Note that I have one fewer rate in the “multi-rate” model, but not one
fewer ancestral state (a[1]
, a[2]
, and so one).
Next, I'll do the same thing - but using an OU model & character
trait y as follows. Note that I can specify regime names arbitrarily.
Before I just used 1
and 2
, but I can equally
well use A
and B
as follows.
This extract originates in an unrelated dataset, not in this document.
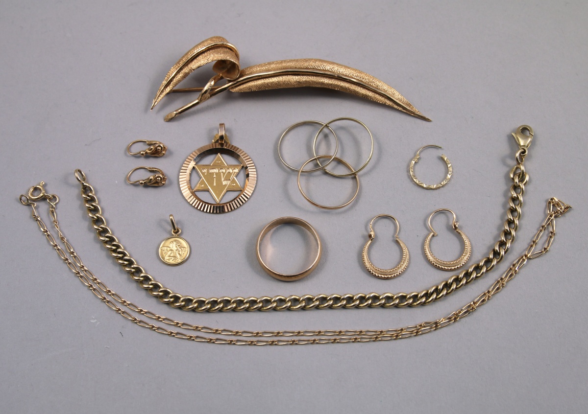Réunion de BIJOUX en or: BROCHE, BAGUE trois or, ALLIANCE, CHAÎNE, BRACELET, 2 PENDENTIFS, BOUCLES d'OREILLES.

Since the ancestral
states correspond to trees, not regimes, they remain numbered 1
,
2
, and so on.
## our data:
par(mfrow=c(1,3))
nulo<-mapply(phenogram,tree=trees,x=y,MoreArgs=list(ylim=range(y),
ftype="off"))
## fit models
fit.all<-ratebytree(trees,y,model="OU")
fit.all
## ML common-regime OU model:
## s^2 a[1] a[2] a[3] alpha k logL
## value 0.7577 1.9358 2.0289 1.4108 0.4931 5 -148.1179
## SE 0.1458 0.23 0.3051 0.2546 0.1635
##
## ML multi-regime OU model:
## s^2[1] s^2[2] s^2[3] a[1] a[2] a[3] alp[1] alp[2] alp[3] k logL
## value 0.5385 0.8383 1.1763 1.9196 1.7908 1.4349 1.1558 -0.016 1.7167 9 -126.9808
## SE 0.1952 0.1875 0.4359 0.0919 0.9161 0.0939 0.4753 0 0.6696
##
## Likelihood ratio: 42.2742
## P-value (based on X^2): 0
##
## R thinks it has found the ML solution.
fit.reg<-ratebytree(trees,y,model="OU",regimes=c("A","B","A"))
fit.reg
## ML common-regime OU model:
## s^2 a[1] a[2] a[3] alpha k logL
## value 0.7577 1.9359 2.0289 1.4109 0.4931 5 -148.1179
## SE 0.1458 0.23 0.3051 0.2546 0.1635
##
## ML multi-regime OU model:
## s^2[A] s^2[B] a[1] a[2] a[3] alp[A] alp[B] k logL
## value 0.8731 0.8383 1.9154 1.7908 1.4312 1.4913 -0.0046 7 -128.6895
## SE 0.23 0.1875 0.0957 0.9161 0.0906 0.4256 0
##
## Likelihood ratio: 38.8568
## P-value (based on X^2): 0
##
## R thinks it has found the ML solution.
The data were simulated as follows for this example:
trees<-c(pbtree(n=50),pbtree(n=40),pbtree(n=60))
x<-list(fastBM(trees[[1]],sig2=1),
fastBM(trees[[2]],sig2=2),
fastBM(trees[[3]],sig2=1))
y<-list(fastBM(trees[[1]],model="OU",alpha=2),
fastBM(trees[[2]]),
fastBM(trees[[3]],model="OU",alpha=2))
I haven't implemented this for discrete characters yet, but this will have to be my next project!